I knew Sir Henry Thompson, the famous surgeon, very well, and was frequently honoured by an invitation to his famous octave dinners, at which eight carefully chosen male guests were always the company. They always seemed to me to be the most wonderful exhibitions of unselfishness, for Thompson was not allowed any alcohol, or anything save the most simple viands. Possibly, however, like Meredith and the bottle of burgundy, he enjoyed some reflex pleasure from the enjoyment of others. He had been a wonderful viveur and judge of what was what, and I fear that I disappointed him, for I was much more interested in the conversation than the food, and it used to annoy me when some argument was interrupted in order to tell us that it was not ordinary ham but a Westphalian wild boar that we were eating and that it had been boiled in wine for precisely the right time prescribed by the best authorities. But it was part of his wonderful unselfish hospitality to make his guests realize exactly what it was that was set before them. I have never heard more interesting talk than at these male gatherings, for it is notorious that though ladies greatly improve the appearance of a feast they usually detract from the quality of the talk. Few men are ever absolutely natural when there are women in the room.

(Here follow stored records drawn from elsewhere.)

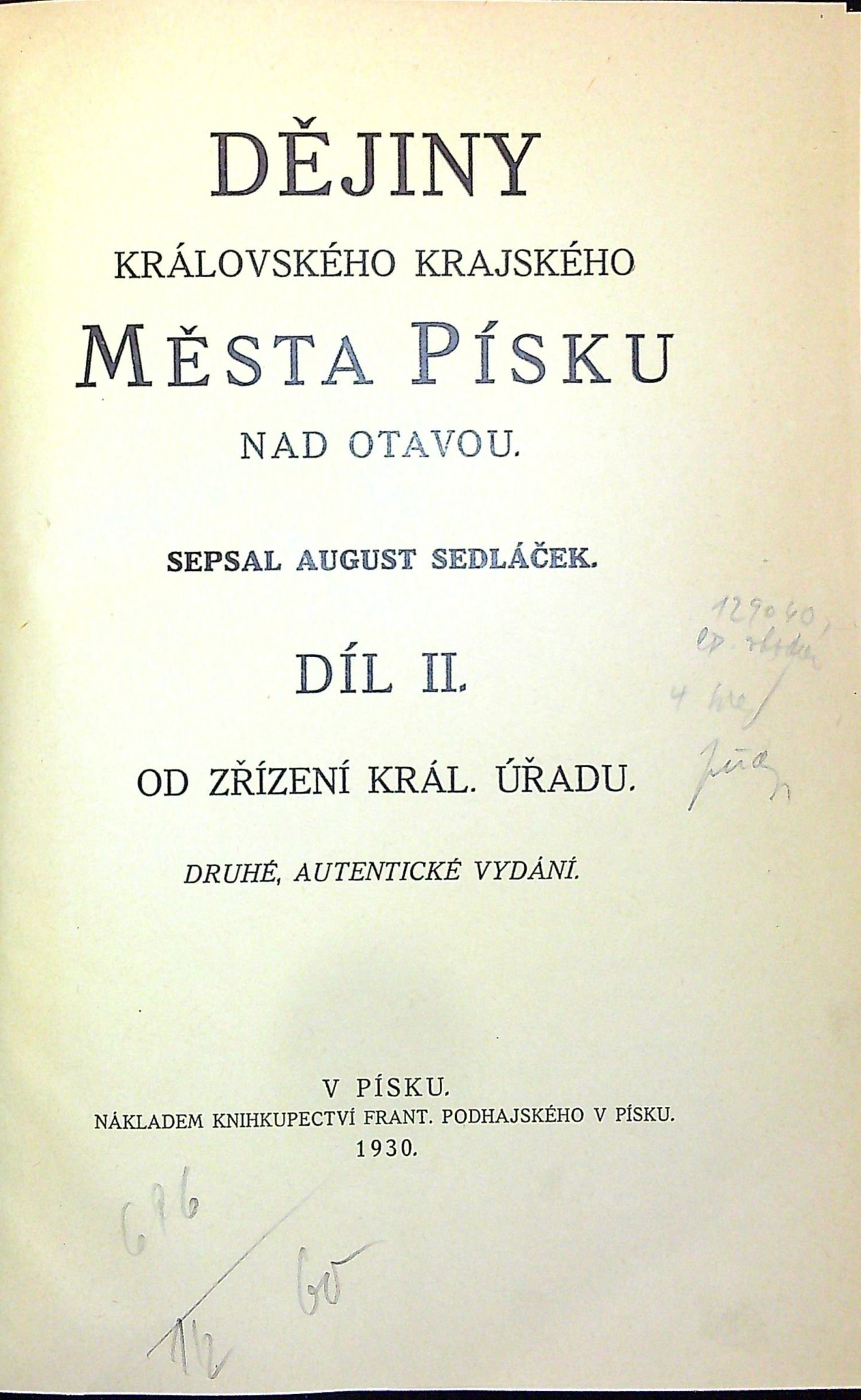 Dějiny královského krajského města Písku nad Otavou (Díl I., II. - komplet)
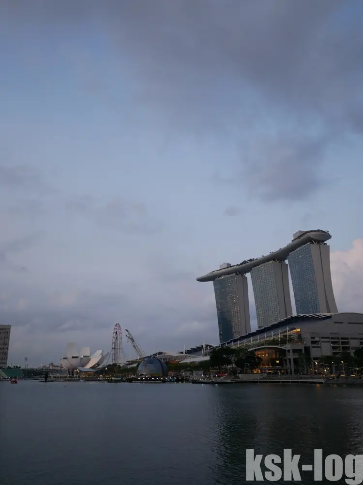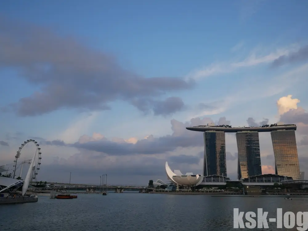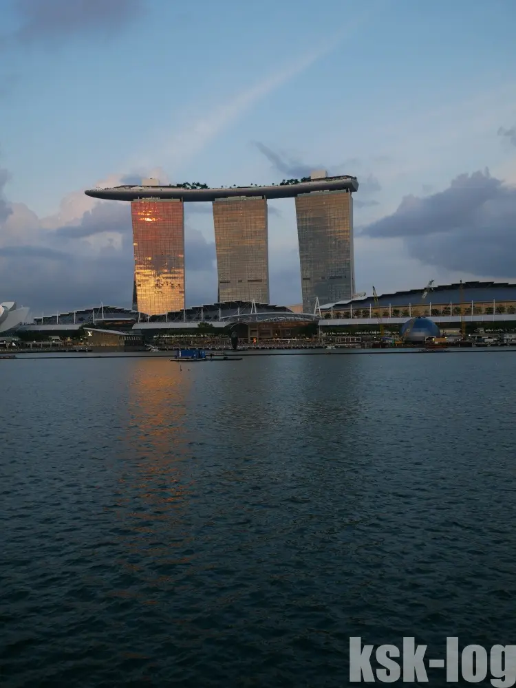 夕日がマリーナベイサンズと港に反射して、なかなか趣深いですね。
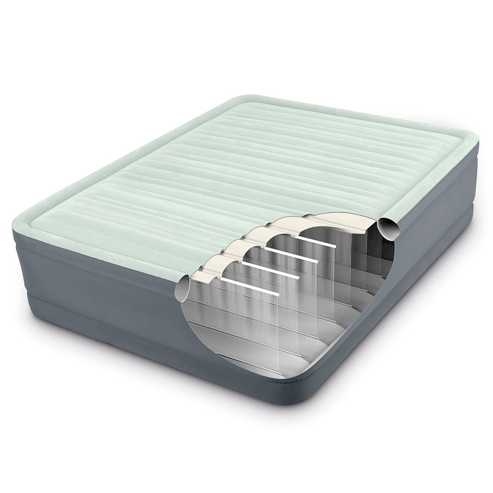 Надувная двуспальная кровать премиум класса серии PremAire I изготовлена по технологии Fiber-Tech. Внутренние перегородки сделаны из множества полиэфирных волокон, за счет чего кровать становится намного прочнее и легче. Поперечное расположение ребер жесткости придает кровати необходимую твердость и упругость.

There was one special dinner, I fancy it was the hundredth of the series, which was particularly interesting as the Prince of Wales, now George V, was one of the eight, and gave us a most interesting account of the voyage round the world from which he had just returned. Of the rest of the company I can only recall Sir Henry Stanley, the traveller, and Sir Crichton Browne. Twenty years later I met the King when he visited a trade exhibition, and I attended as one of the directors of Tuck’s famous postcard firm. He at once said: “Why, I have not seen you since that pleasant dinner when you sat next to me at Sir Henry Thompson’s.” It seemed to me to be a remarkable example of the royal gift of memory.